- [YOUR INSTRUCTIONS]: For this exercise, write out every entry exactly and leave the pictures out.
□ □ □ □ □
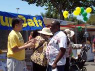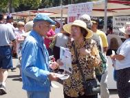 星期六上午10点多,活动刚开始不久,就有两位中国人来到我们的展位,他们听了学员的介绍后说,“太好了!你们要坚持下去。这种精神太好了,要坚持下去!”
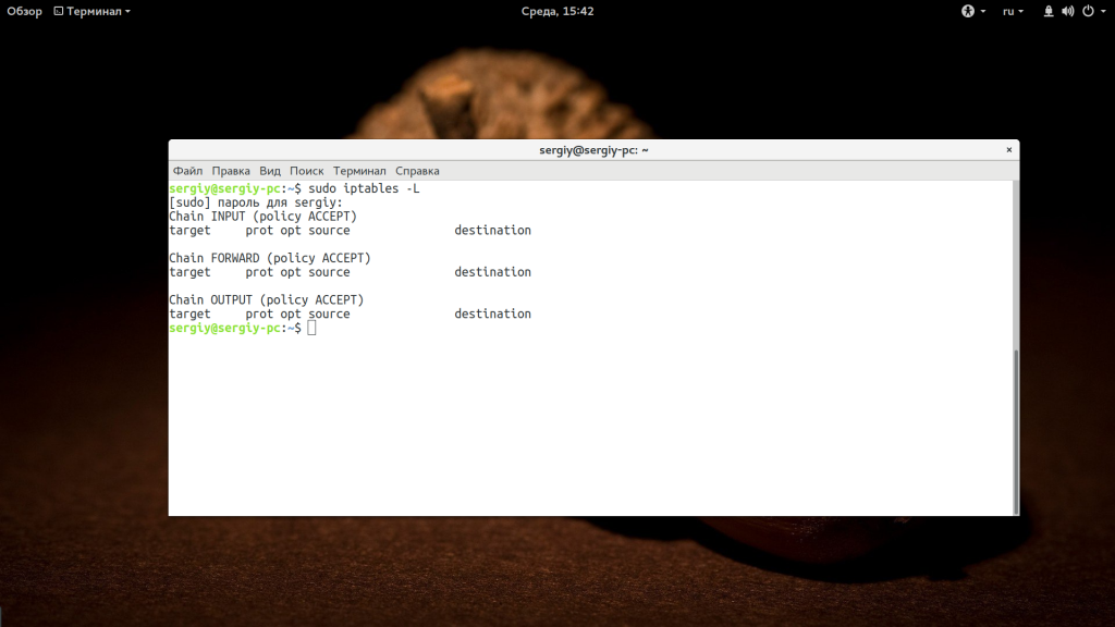 В нашем примере нет никаких ограничений. Политика по умолчанию — ACCEPT. На промышленных серверах может применяться политика DENY, а нужные порты будут разрешены с помощью правил.
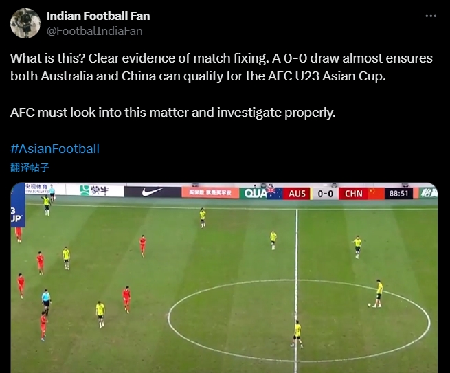 一位印度足球博主在社交媒体上质疑比赛存在默契球行为。他发布了一段澳大利亚队在比赛尾声阶段于后场频繁倒脚并颠球的视频,配文称:“这算什么?明显是假球的证明。一场0比0的平局让中澳两队双双晋级U23亚洲杯。亚足联必须介入,对此事展开严肃调查。”
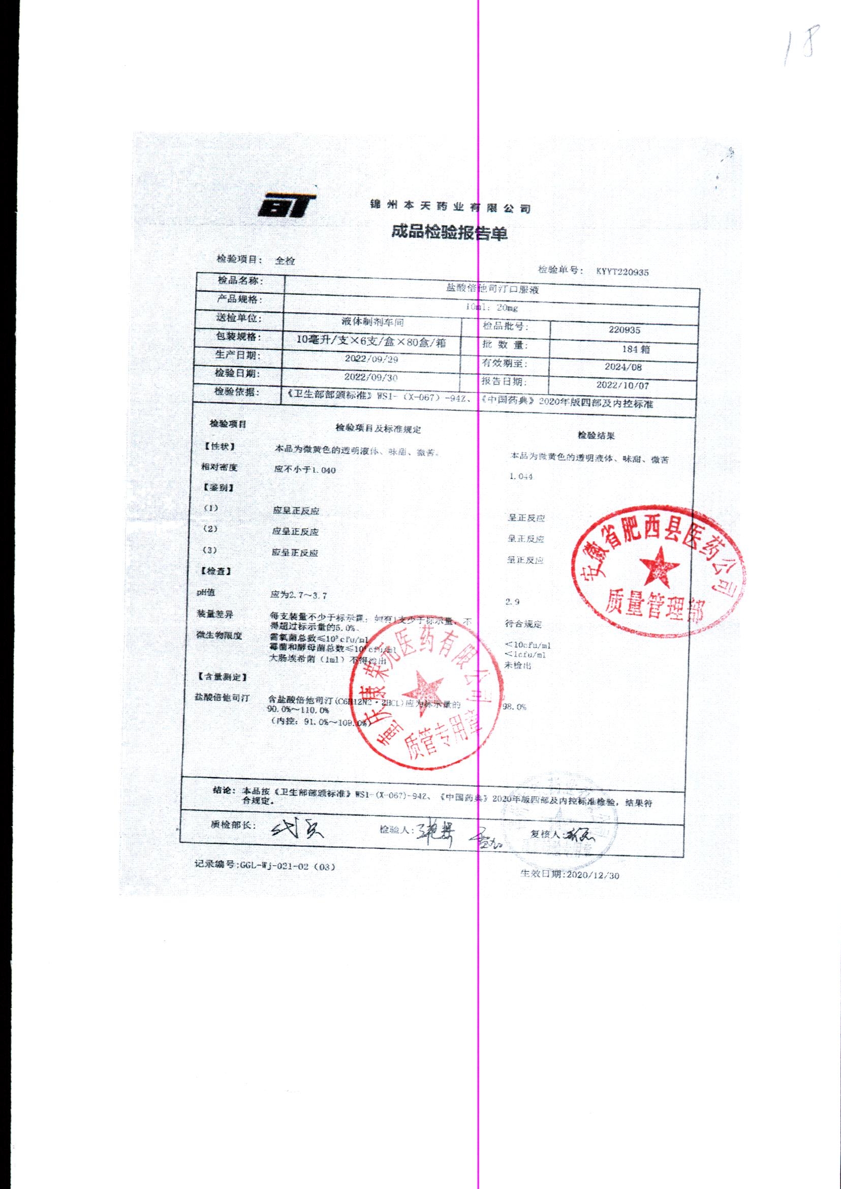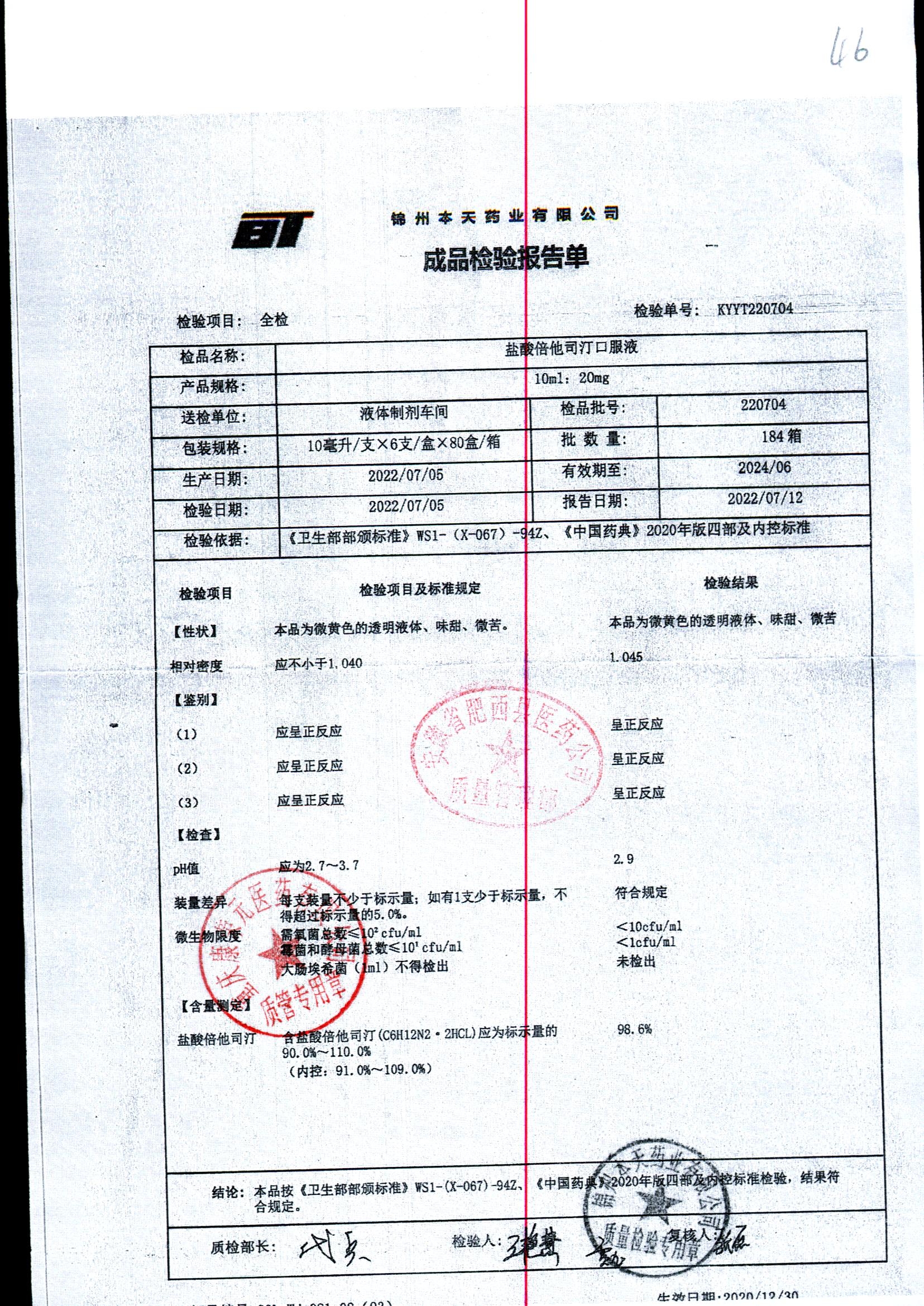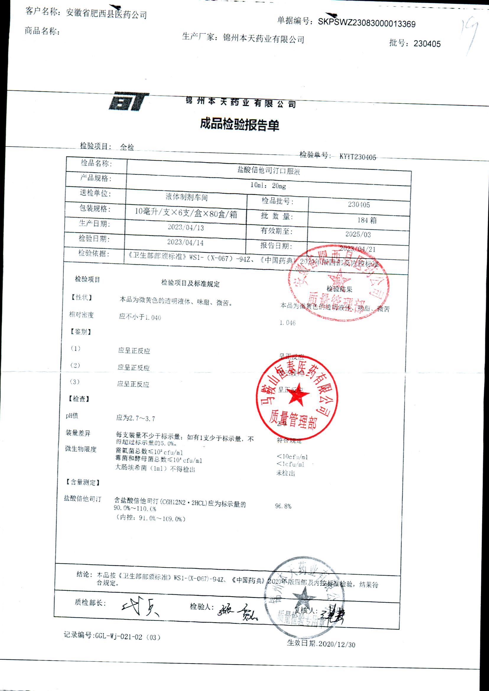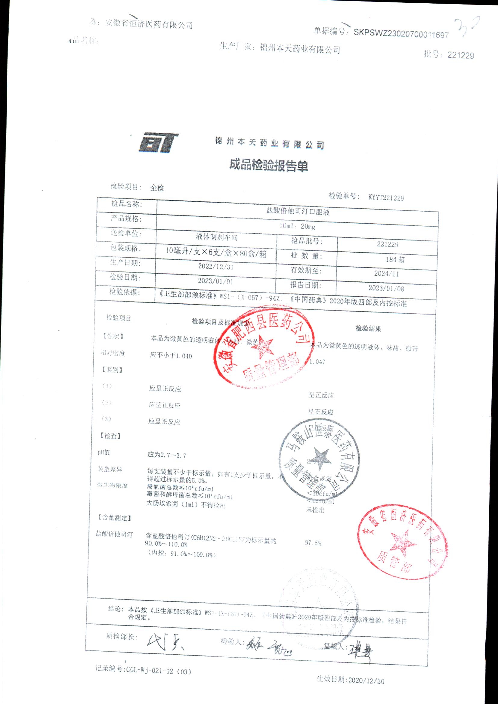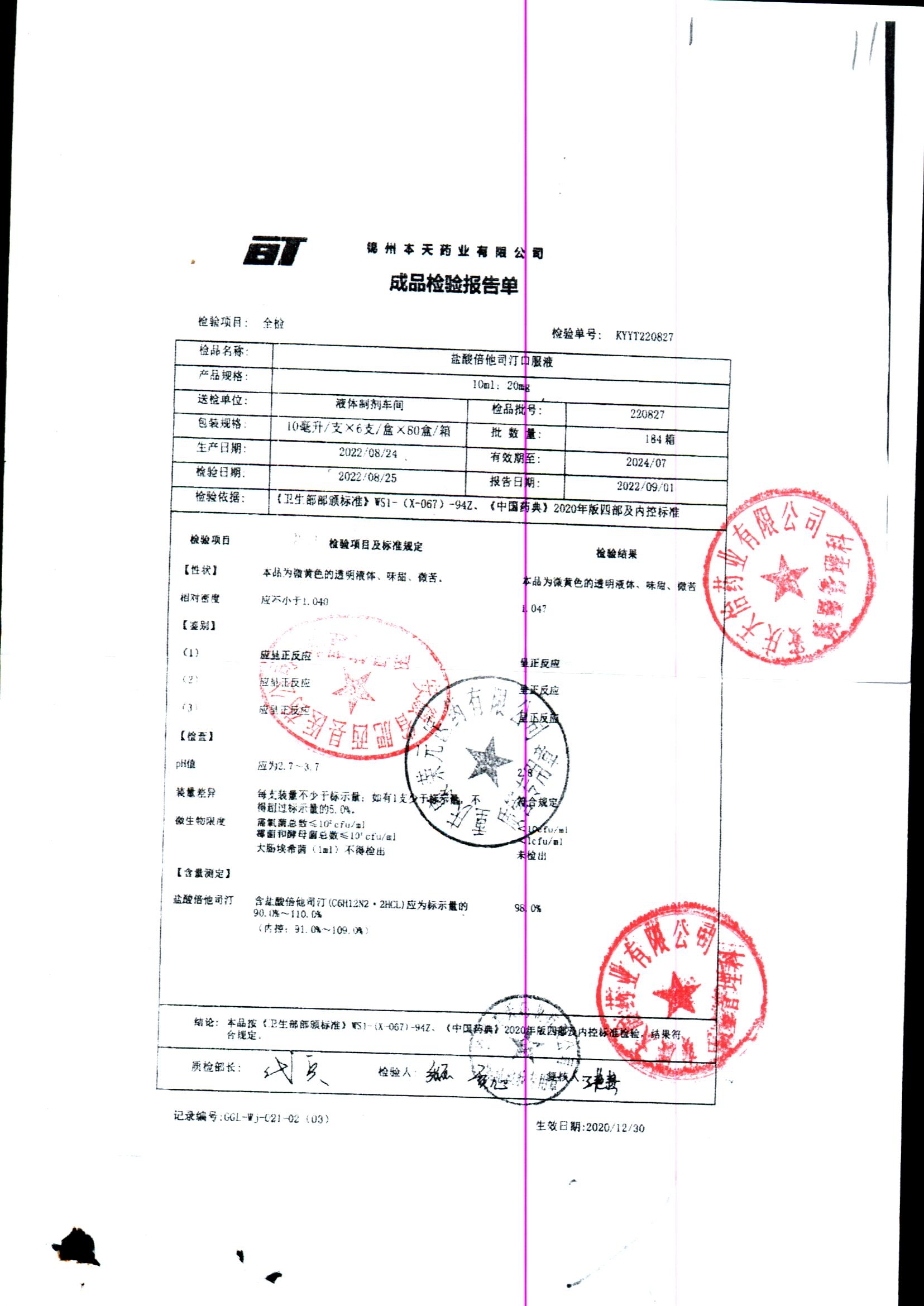 盐酸倍他司汀口服液 | 10ml:20g*6支 | 220818 | 查看详情 |
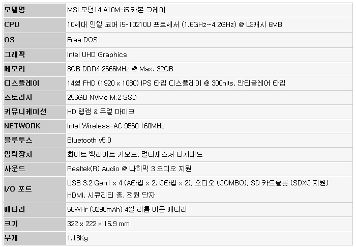 이번에 리뷰를 진행 할 MSI 모던14 A10M-i5 카본 그레이 는 학습이나 업무용 노트북으로 딱 어울리는 모델이다. 10세대 인텔코어 프로세서를 탑재해 대부분의 작업을 쾌적하게 실행할 수 있으면서도 무게는 1.18Kg 에 불과해 손쉽게 들고 다니며 사용할 수 있기 때문이다.
□ □ □ □ □
- [TASK ANSWER]:
 星期六上午10点多,活动刚开始不久,就有两位中国人来到我们的展位,他们听了学员的介绍后说,“太好了!你们要坚持下去。这种精神太好了,要坚持下去!”
 В нашем примере нет никаких ограничений. Политика по умолчанию — ACCEPT. На промышленных серверах может применяться политика DENY, а нужные порты будут разрешены с помощью правил.
 一位印度足球博主在社交媒体上质疑比赛存在默契球行为。他发布了一段澳大利亚队在比赛尾声阶段于后场频繁倒脚并颠球的视频,配文称:“这算什么?明显是假球的证明。一场0比0的平局让中澳两队双双晋级U23亚洲杯。亚足联必须介入,对此事展开严肃调查。”
 盐酸倍他司汀口服液 | 10ml:20g*6支 | 220818 | 查看详情 |
 이번에 리뷰를 진행 할 MSI 모던14 A10M-i5 카본 그레이 는 학습이나 업무용 노트북으로 딱 어울리는 모델이다. 10세대 인텔코어 프로세서를 탑재해 대부분의 작업을 쾌적하게 실행할 수 있으면서도 무게는 1.18Kg 에 불과해 손쉽게 들고 다니며 사용할 수 있기 때문이다.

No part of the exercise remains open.